Clustering analysis is usually a multi-variate technique. DENCLUE is a little different. DENCLUE class implements DENCLUE 2.0 algorithm. Theoretically, DENCLUE can work on 1d data. It is just hill climbing process. What the paper doesn't tell is that data points rarely converge to the same attractors even if they belong to the same cluster. In fact, we often end with many cluttered attractors. To handle this, we add the second phase after the DENCLUE: clustering attractors with another algorithm. We choose DBSCAN for this phase. This combination works very well in most case. But it fails in 1-dimensional sometimes. The errors in your cases are actually from DBSCAN part. There is no evidence that DBSCAN works on 1-dimensional data.

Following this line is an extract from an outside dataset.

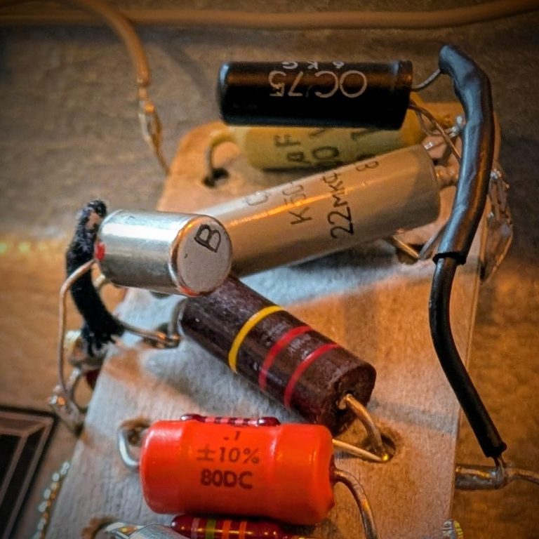Here, I don't take shortcuts. By painstakingly audition and bias every transistor trio by ear. Mostly using period correct NOS components, often including the coveted OC-series transistors and vintage capacitors, to ensure your pedal sounds as good as possible.

As said, we develop clustering package for multivariate analysis. So we have no intention to work on this edge case.

eQX8HNMTU2 commented 3 years ago

@haifengl

what can i use if i want to cluster one dimensional data with kernel density estimation. I thought that's the thing you use when you want to cluster one dimensional data.

eQX8HNMTU2 commented 3 years ago

@brainbytes42 can you show what u did to do the one dimensional case?

brainbytes42 commented 3 years ago

@brainbytes42 can you show what u did to do the one dimensional case?

unfortunately, I can't show the code - but basically, I have reimplemented a simple version of Denclue 2.0 around smile's smile.stat.distribution.KernelDensity, to reinvent only half the wheel... A little bit of hill-climbing and a reasonable epsilon... So basically, 1D-data ist not a limitation of the algorithm, but only in smile's implementation, unfortunately.

eQX8HNMTU2 commented 3 years ago

@brainbytes42 I was just thinking about using the KernelDensity class and calculating the local maxima. But I don't know a smart way of calculating them. Does the SMILE library have anything that can calculate local maxima of the probability density function?

brainbytes42 commented 3 years ago

I don't think so... But luckily, hill climbing isn't that hard to implement for 1D-Data... ;-)